> Stored data
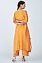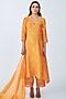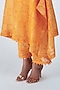 Featuring an orange kurta in chanderi base with print and lace detailing. It is paired with matching palazzo pants and a scarf having thread hand embroidery.
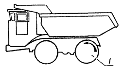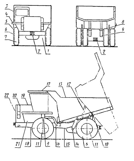5.4.1. Наименования составных частей двухосного землевоза: 1 - бампер; 2 - шкворень буксирного приспособления; 3 - кабина; 4 - крыло; 5 - колесо; 6 - шина; 7 - тормоз; 8 - брус выталкивателя кусков породы; 9 - подвеска (дополнительная); 10 - ось шарнира крепления кузова; 11 - мост (мосты); 12 - стойка, удерживающая поднятый кузов; 13 - кузов; 14 - гидроцилиндр подъема кузова; 15 - система привода; 16 - трубопровод отвода выхлопных газов в атмосферу или на обогрев кузова; 17 - козырек; 18 - основная рама; 19 - капот; 20 - лестница, 21 - силовая установка; 22 - решетка радиатора.
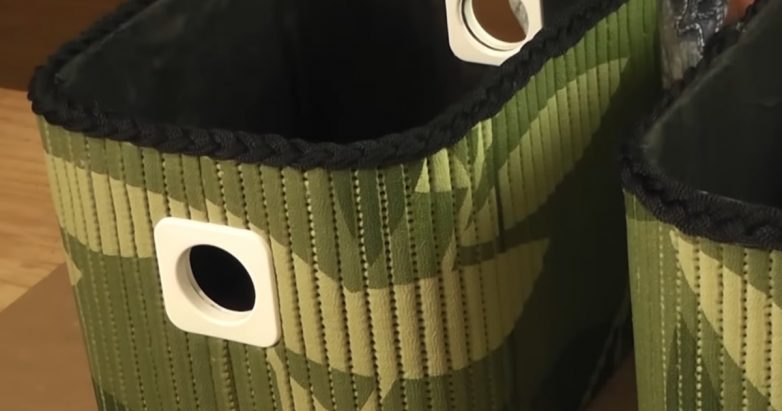 Отметьте на заготовке место, где будут располагаться ручки корзины. Вырежьте отверстия необходимого размера. Внутреннюю часть корзины также обклейте тонким нетканым материалом.
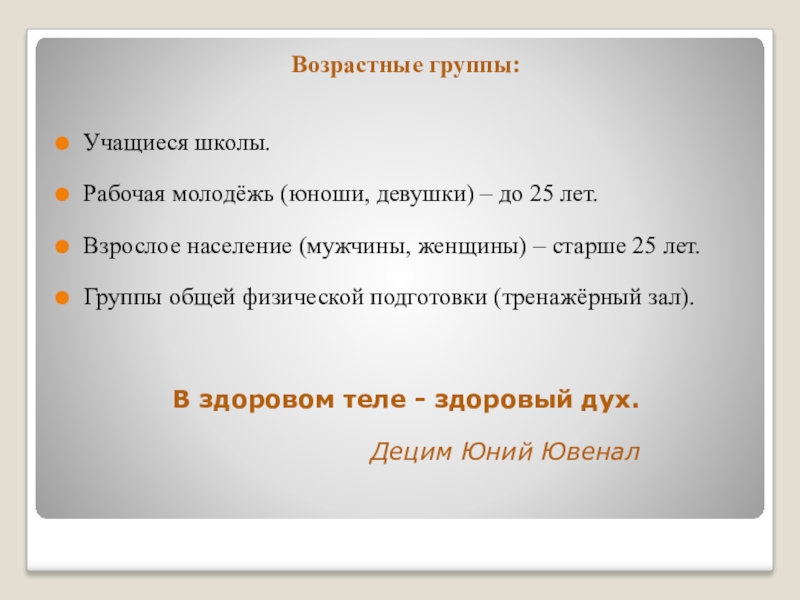 Слайд 6Возрастные группы:

> Work request
Except for the pictures, give the data again word for word.

> Exercise solution
 Featuring an orange kurta in chanderi base with print and lace detailing. It is paired with matching palazzo pants and a scarf having thread hand embroidery.
5.4.1. Наименования составных частей двухосного землевоза: 1 - бампер; 2 - шкворень буксирного приспособления; 3 - кабина; 4 - крыло; 5 - колесо; 6 - шина; 7 - тормоз; 8 - брус выталкивателя кусков породы; 9 - подвеска (дополнительная); 10 - ось шарнира крепления кузова; 11 - мост (мосты); 12 - стойка, удерживающая поднятый кузов; 13 - кузов; 14 - гидроцилиндр подъема кузова; 15 - система привода; 16 - трубопровод отвода выхлопных газов в атмосферу или на обогрев кузова; 17 - козырек; 18 - основная рама; 19 - капот; 20 - лестница, 21 - силовая установка; 22 - решетка радиатора.
 Отметьте на заготовке место, где будут располагаться ручки корзины. Вырежьте отверстия необходимого размера. Внутреннюю часть корзины также обклейте тонким нетканым материалом.
 Слайд 6Возрастные группы:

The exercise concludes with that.